Monday, February 18, 2008

My Cunning* Moccasins

I finished my new pair of moccasins yesterday. They feel great. They feel like thick socks in a way. I customized them to my feet. There's no need to break them in! Three of my crew mates are still working on theirs. We pooled money to buy the materials so we could get a better deal. The materials cost about $25 but there is lots of extra material left over.

I based my pattern on the second one on this webpage: NativeTech. Each moccasin comprises four pieces of leather plus one leather lace. I used buffalo leather for the sole which is about twice as thick as the golden colored deer leather that makes up the rest (upper, cuff, tongue).

Thick buffalo leather for the sole makes the moccasin more durable and comfortable especially in the desert where there exist more prickily plants. Since it is less flexible and more expensive than deer leather I didn't use if for the whole moccasin.

I purposely made the sole piece wrap up off the ground both to protect my feet, but more importantly to protect the stitching. I hope the stitching will last longer since it shouldn't be touching the ground much. The thread is actually artificial thread used for making bowstring so I'm not too worried about it. Another advantage of this design is that when the sole wears out I can replace it without having to make a whole new pair of mocassins. I already cut up a back up pair of soles for this purpose.

As shown in the pattern on the NativeTech page, the edge of the upper piece is folded over before it is stitched to the sole. The thread goes through the upper piece twice before attaching to the sole. This makes for a sturdier connection. In the picture below you can see this.

This picture makes it look like I have a clown shoe on.

For the lacing, I cut a long thin strip of leather. I chose to have the mocassins lace up like shoes. The lace zig-zags through the tongue piece and pulls the cuff piece tight. I like this style because no lacing has to wrap around the back of my heel or leg. My first pair of mocassins had a lacing that wrapped around my achiles tendon which was awkward for movement.

While I'm not thrilled about the golden yellow color (I was hoping it would be colored more like the sole), I am pleased with the design, fit and comfort. I plan to try them out in the field soon.

*Inside joke: When playing our homemade game of Apples to Apples, my green card was "cunning" to which "moccasins" was my best option.


Ron said...

Nice mocks, I've been thinking of making a pair too and am also interested in mukluks.

One beauty of this footwear is that it is custom made to your feet. Plus all the other benefits of being able to feel the earth beneath your feet as you walk.

Good post!

Sassmouth said...

Thanks, ron. The two things you list are my primary reasons for making them.

Mungo said...


I have been reading your blog site for a while now, and have had it linked on my blog for a while now.

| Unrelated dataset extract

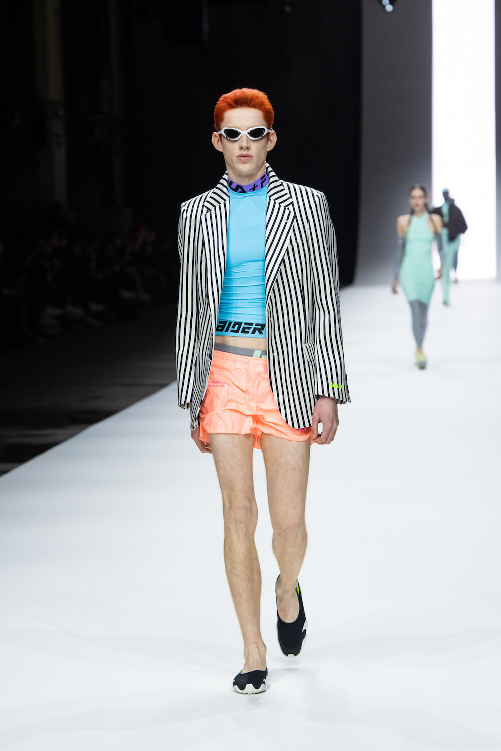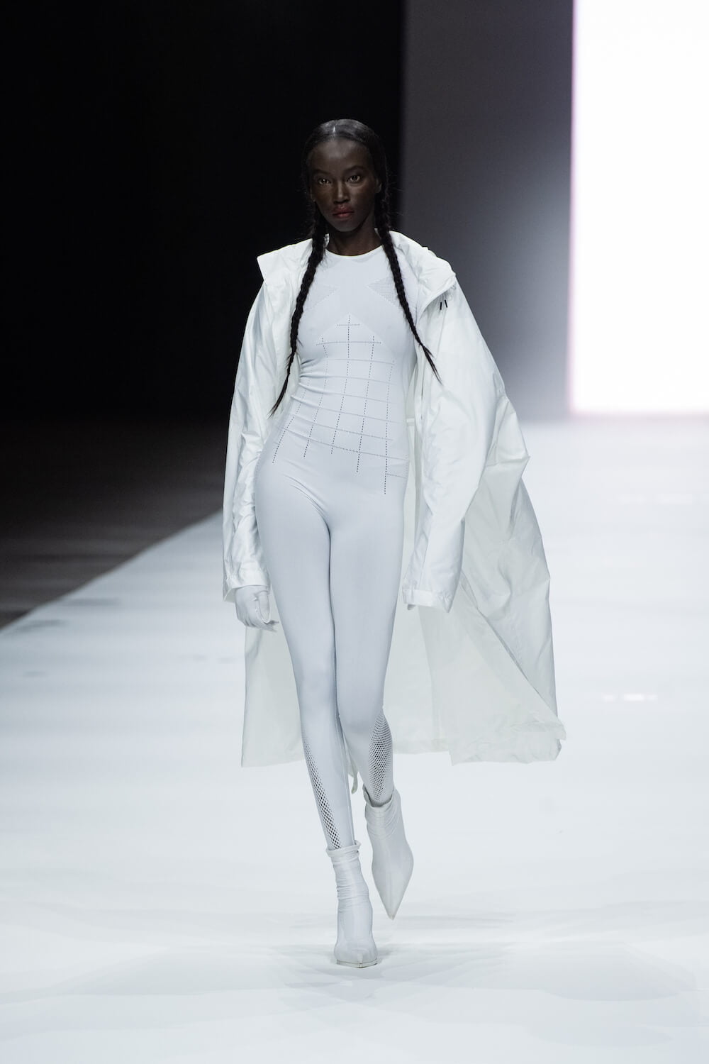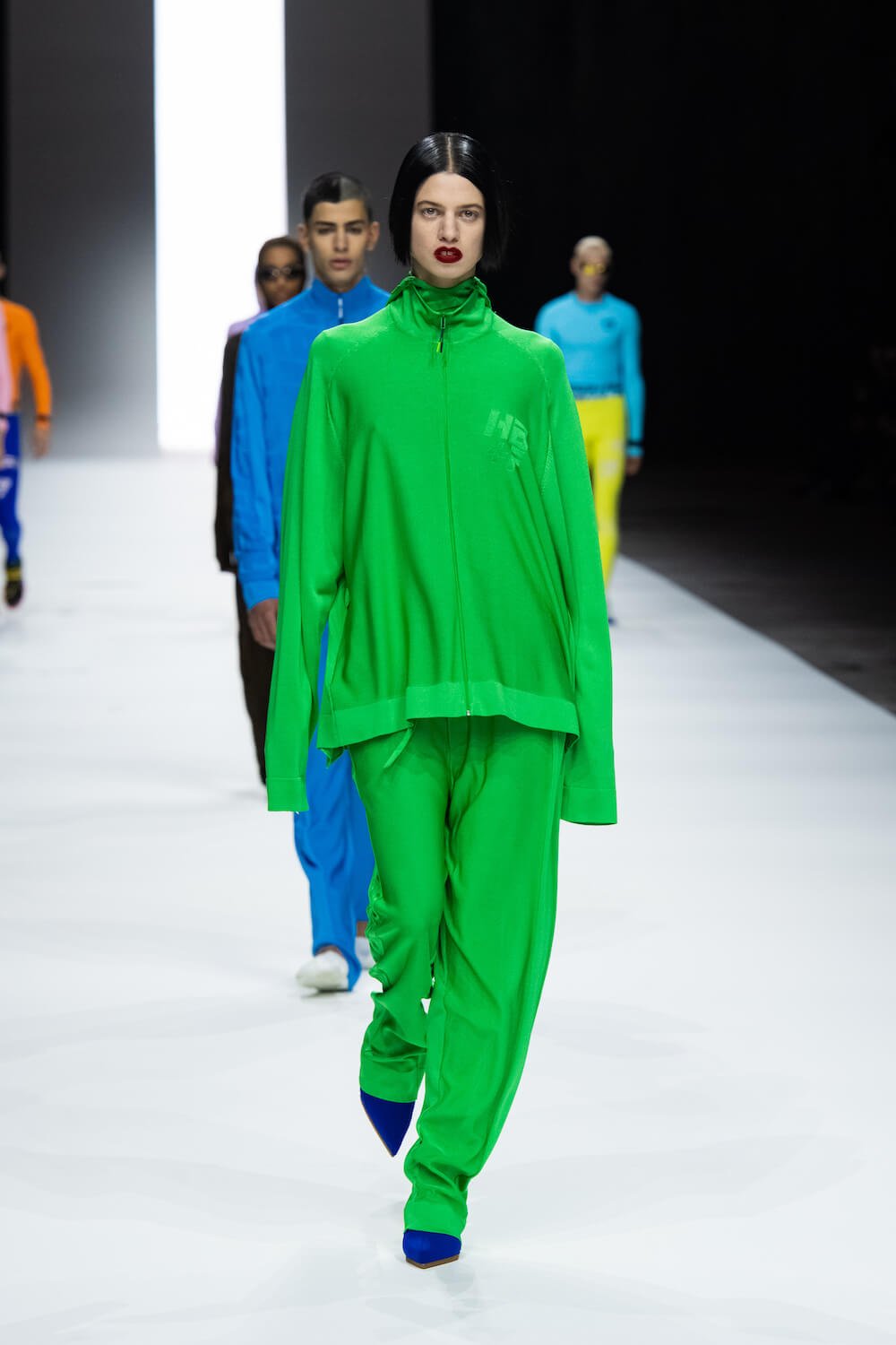 Ackermann is a runner and used that as his touchstone for ice-white running tights, fluttering nylon coats, keyhole, apple green mini dresses and onesies, slinky knitted tracksuits and body-con for boys and girls. “It’s a new approach,” he said of his first foray into the sports realm. There was none of the brashness so common in this genre. Instead, sporty Haider is all about a dynamic, high-tech, elegance in a colour palette a-typical for sportswear of brilliant white, coral, sky blue, mocha and lilac. None of it looked retro although Ackerman was inspired by the Fila archive and the stand-out style of its most famous 1970s ambassador, Bjorn Borg.

I was wondering if you would consider linking to my site as an exchange to encourage more traffic to both our sites - it seems that our audiences could have similar interests in the outdoors, photography, camping and more.

Anyway, just thought it might be useful - hope all is well, look forward to reading your posts (I use Google Reader to get the RSS posts).

All the best,

This blog contains tutorials, information and photographs on bushcraft, camping, hiking, photography, nature, plants, politics, project management, and posts and photos on everything from Mors Kochanski, to Ray Mears and Bear Grylls, Les Stroud of Survivorman fame, canoeing in Algonquin Park, Toronto, Ontario and much more.

Sassmouth said...

mungo, I added a link to your blog. I'll have to read some more of your entries today.